Server implementation: main.go (handleWebSocket text message handler)

if messageType == websocket.TextMessage {
    var msg struct {
        Type     string          `json:"type"`
        Data     json.RawMessage `json:"data,omitempty"`
        UserName string          `json:"userName,omitempty"`
        Text     string          `json:"text,omitempty"`
        Name     string          `json:"name,omitempty"`
    }
    if err := json.Unmarshal(data, &msg); err != nil {
        log.Printf("Invalid JSON message: %v", err)
        continue
    }

    switch msg.Type {
    case "ping":
        response := map[string]interface{}{"type": "pong"}
        if msg.Data != nil {
            response["data"] = msg.Data
        }
        conn.WriteJSON(response)
    case "chat":
        if msg.UserName != "" && msg.Text != "" {
            sess.BroadcastChatMessage(msg.UserName, msg.Text)
        }
    case "rename_session":
        // Validate and update session name
        name := strings.TrimSpace(msg.Name)
        // Max 32 chars, alphanumeric + spaces + hyphens + underscores
        sess.Name = name
        sess.BroadcastStatus()
    default:
        log.Printf("Unknown message type: %s", msg.Type)
    }
    continue
}

chat (In-Session Chat)

Client → Server (Send message):

{
  "type": "chat",
  "userName": "Alice",
  "text": "Hello everyone!"
}

Server → Client (Broadcast to all):

{
  "type": "chat",
  "userName": "Alice",
  "text": "Hello everyone!",
  "timestamp": "2025-12-24T16:03:13Z"
}

Client implementation: static/terminal-ui.js (sendChatMessage method)

sendChatMessage() {
    const input = this.querySelector('.terminal-ui__chat-input');
    if (!input) return;

    const text = input.value.trim();
    if (!text) return;

    // If no username, prompt for one
    if (!this.currentUserName) {
        const userName = this.getUserName();
        if (!userName) return;
    }

    // Send to server
    if (this.ws && this.ws.readyState === WebSocket.OPEN) {
        this.sendJSON({
            type: 'chat',
            userName: this.currentUserName,
            text: text
        });
        // Clear input for next message
        input.value = '';
        input.focus();
    }
}

Server implementation: main.go (chat case in handleWebSocket)

case "chat":
    if msg.UserName != "" && msg.Text != "" {
        sess.BroadcastChatMessage(msg.UserName, msg.Text)
    }

Server broadcast: main.go (Session.BroadcastChatMessage method)

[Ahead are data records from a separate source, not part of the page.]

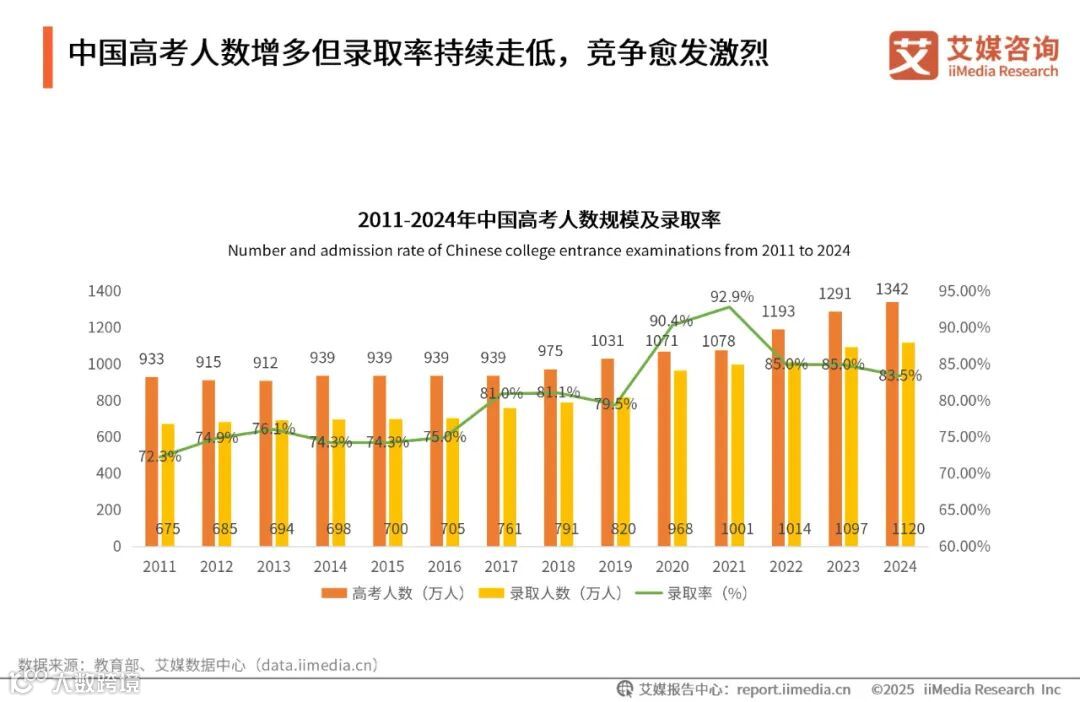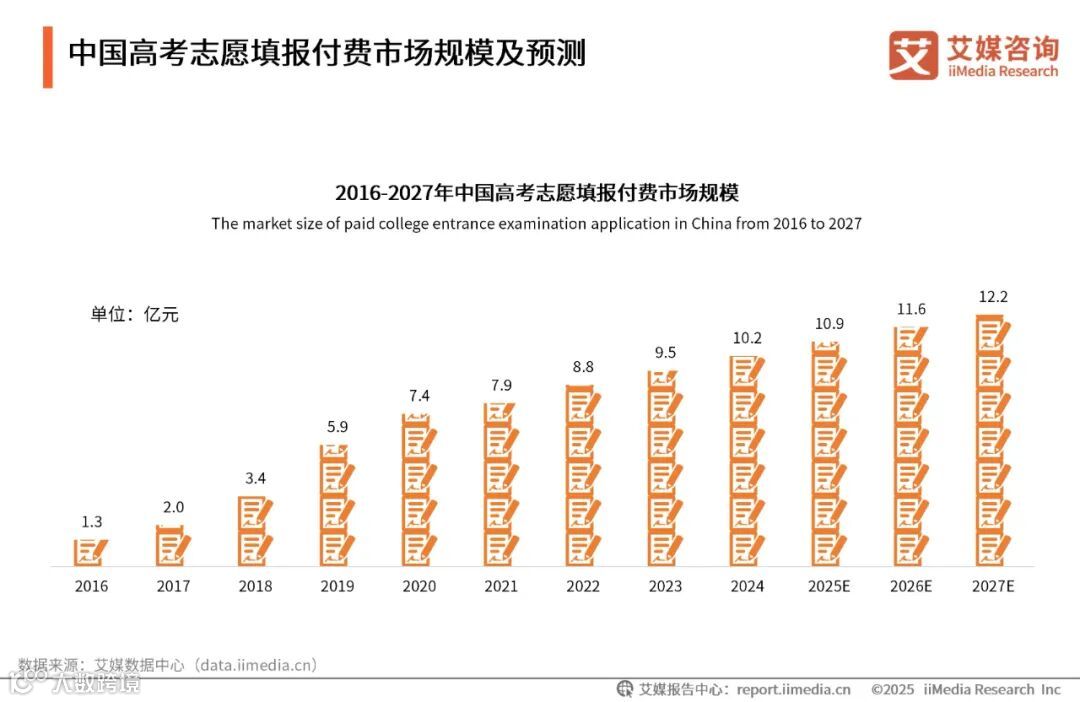iiMedia Research(艾媒咨询)数据显示,超九成高考生愿意选择高考志愿填报服务,2025年中国高考志愿填报市场付费规模预计为10.9亿元。目前,由于高考生缺乏获取高考填报信息的渠道,加上高考录取人数逐年递增,高考志愿报考行业付费需求增多,预计2027年将增至12.2亿元。
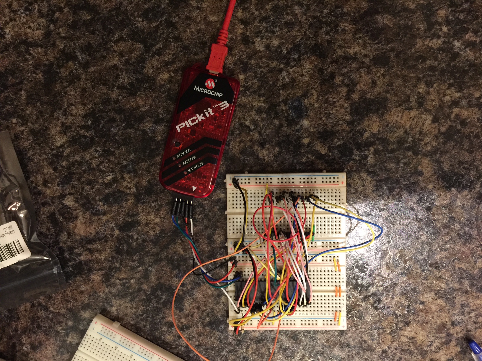 In the middle is the address bus and data bus (I know im gonna get hate for doing this on a breadboard, but hey - it's what i had
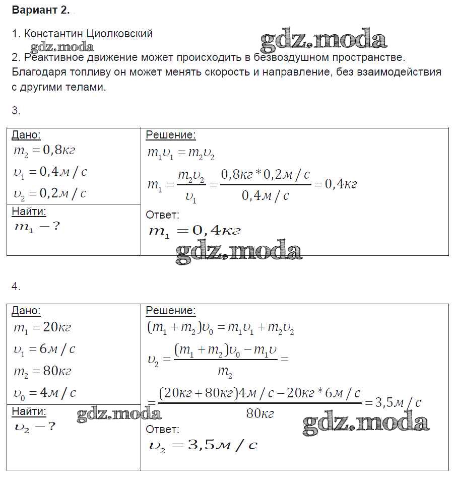 ГДЗ решение к заданию № 2 Физика 9 класс контрольные и самостоятельные работы Громцева О.И. ( к новому уч. Перышкина А.В.) Экзамен 2017 ФГОС бесплатно на гдз.мода!
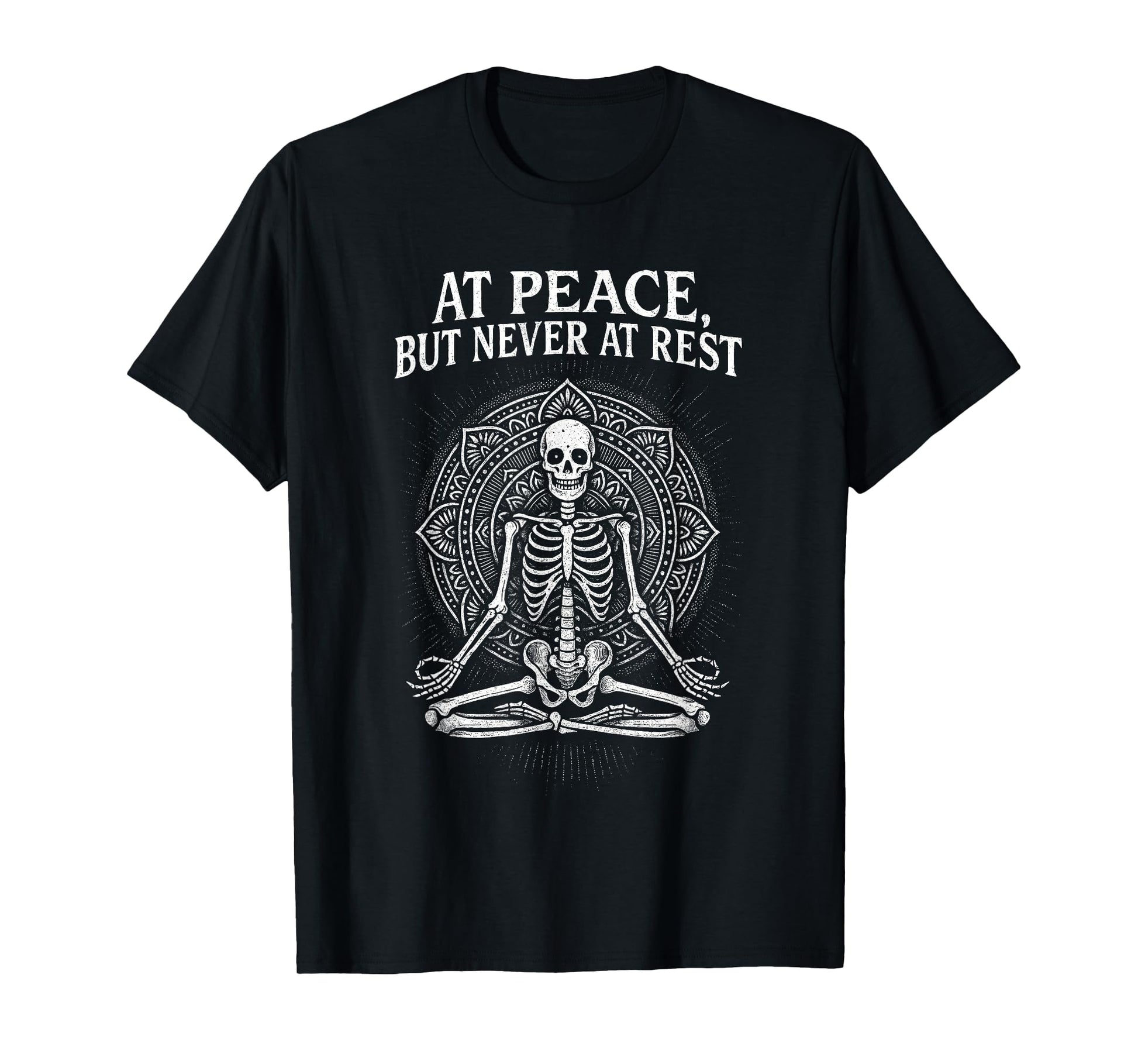 at Peace But Never at Rest Skeleton with Yoga Position T-Shirt

func (s *Session) BroadcastChatMessage(userName, text string) {
	s.mu.RLock()
	defer s.mu.RUnlock()

	chatJSON := map[string]interface{}{
		"type":      "chat",
		"userName":  userName,
		"text":      text,
		"timestamp": time.Now().Format(time.RFC3339),
	}

	data, err := json.Marshal(chatJSON)
	// ...
	for conn := range s.wsClients {
		conn.WriteMessage(websocket.TextMessage, data)
	}
}

status (Session Status Broadcast)

Server → Client (Sent when client connects/disconnects, terminal resizes, session is renamed, or YOLO mode changes):

{
  "type": "status",
  "viewers": 2,
  "cols": 120,
  "rows": 30,
  "assistant": "Claude",
  "sessionName": "my-feature",
  "uuidShort": "a3c12",
  "yoloMode": false,
  "yoloSupported": true
}

Fields:

  • viewers: Number of active clients connected to this session
  • cols: Terminal width in columns
  • rows: Terminal height in rows
  • assistant: Display name of the AI assistant (e.g., "Claude", "Gemini")
  • sessionName: User-assigned session name (empty string if unnamed)
  • uuidShort: First 5 characters of session UUID
  • yoloMode: Whether YOLO mode is currently active
  • yoloSupported: Whether the current agent supports YOLO mode

Server implementation: main.go (Session.BroadcastStatus method)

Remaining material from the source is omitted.